SOURCE RECORDS
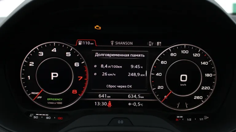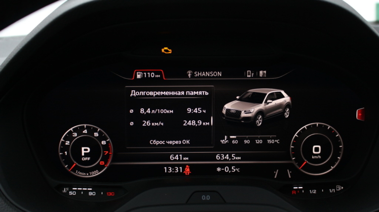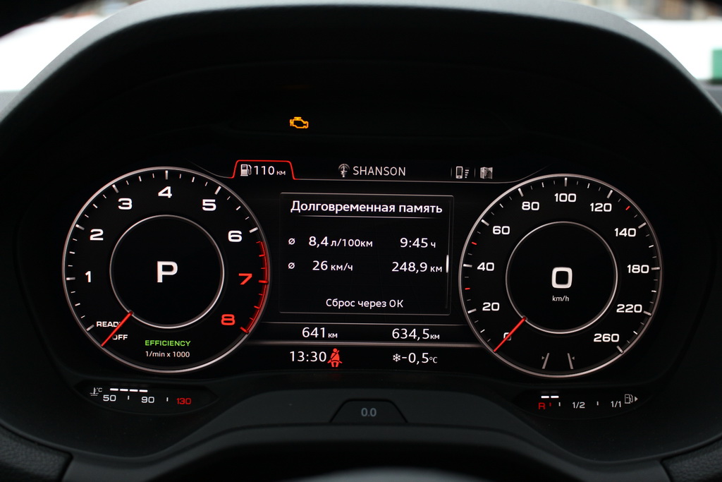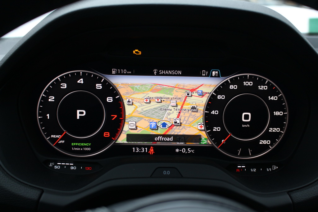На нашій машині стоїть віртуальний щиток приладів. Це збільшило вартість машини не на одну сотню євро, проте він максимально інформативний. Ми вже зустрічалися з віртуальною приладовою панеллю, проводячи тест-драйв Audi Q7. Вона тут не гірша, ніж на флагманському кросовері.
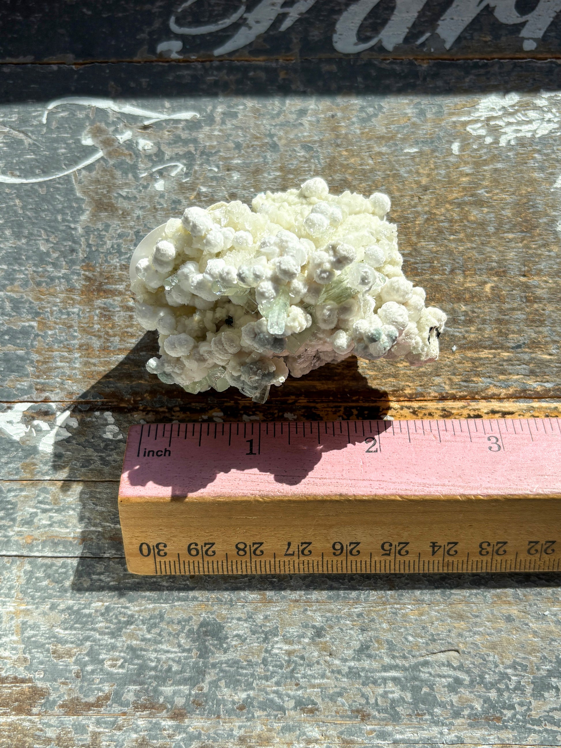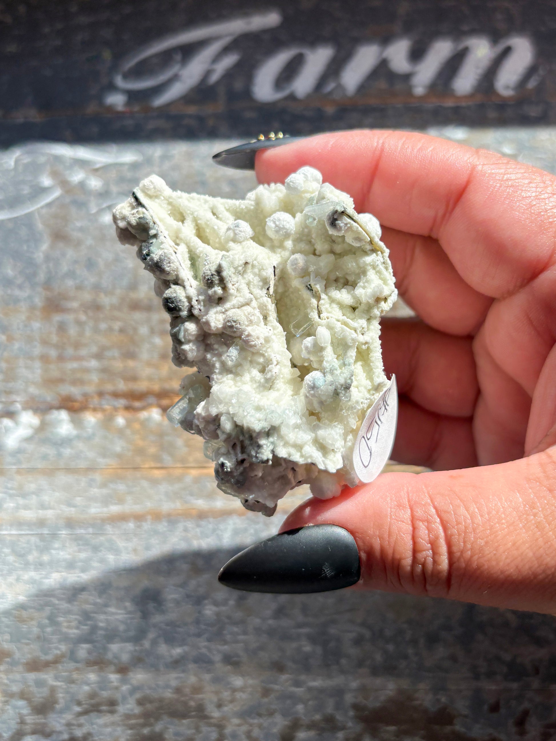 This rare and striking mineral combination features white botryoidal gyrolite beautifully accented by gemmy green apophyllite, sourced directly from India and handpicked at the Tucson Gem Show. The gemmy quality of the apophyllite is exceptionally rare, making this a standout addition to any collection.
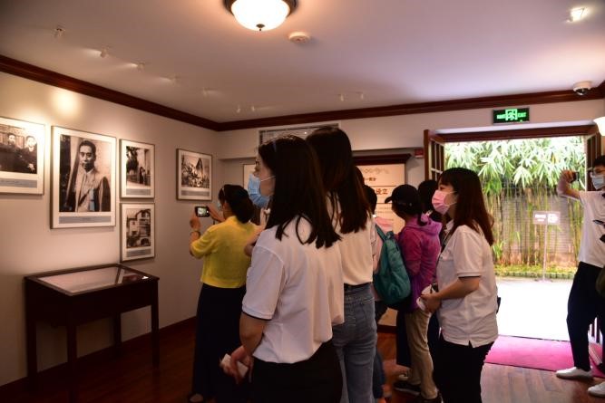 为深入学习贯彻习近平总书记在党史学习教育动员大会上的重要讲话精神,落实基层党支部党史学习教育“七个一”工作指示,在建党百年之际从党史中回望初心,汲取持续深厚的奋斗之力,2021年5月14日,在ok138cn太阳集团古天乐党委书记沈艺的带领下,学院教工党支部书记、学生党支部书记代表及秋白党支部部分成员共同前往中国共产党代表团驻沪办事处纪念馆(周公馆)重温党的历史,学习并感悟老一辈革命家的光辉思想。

* * *

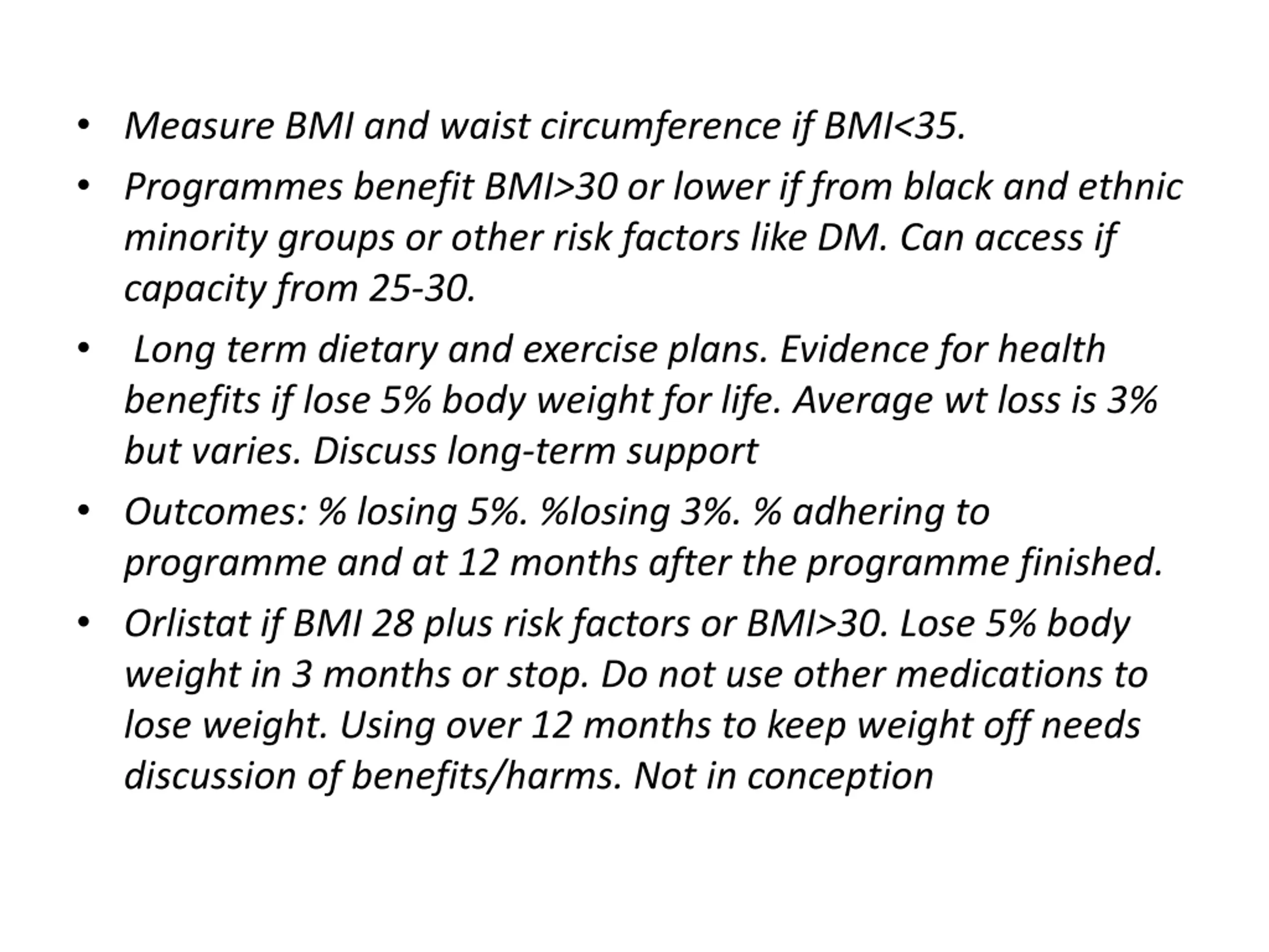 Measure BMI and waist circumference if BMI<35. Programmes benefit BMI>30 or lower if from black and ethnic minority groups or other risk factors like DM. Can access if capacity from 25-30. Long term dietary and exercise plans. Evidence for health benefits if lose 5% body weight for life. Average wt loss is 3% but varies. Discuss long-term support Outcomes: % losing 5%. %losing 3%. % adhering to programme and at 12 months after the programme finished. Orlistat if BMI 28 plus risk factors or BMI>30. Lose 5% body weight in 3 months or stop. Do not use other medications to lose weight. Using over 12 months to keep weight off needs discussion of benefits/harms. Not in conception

WHAT IS EXPECTED
In the listing above, find the line with "На нашій машині" and the line with "This rare and". Copy exactly those two and every line between, without the pictures.

FINAL ANSWER
На нашій машині стоїть віртуальний щиток приладів. Це збільшило вартість машини не на одну сотню євро, проте він максимально інформативний. Ми вже зустрічалися з віртуальною приладовою панеллю, проводячи тест-драйв Audi Q7. Вона тут не гірша, ніж на флагманському кросовері.
 This rare and striking mineral combination features white botryoidal gyrolite beautifully accented by gemmy green apophyllite, sourced directly from India and handpicked at the Tucson Gem Show. The gemmy quality of the apophyllite is exceptionally rare, making this a standout addition to any collection.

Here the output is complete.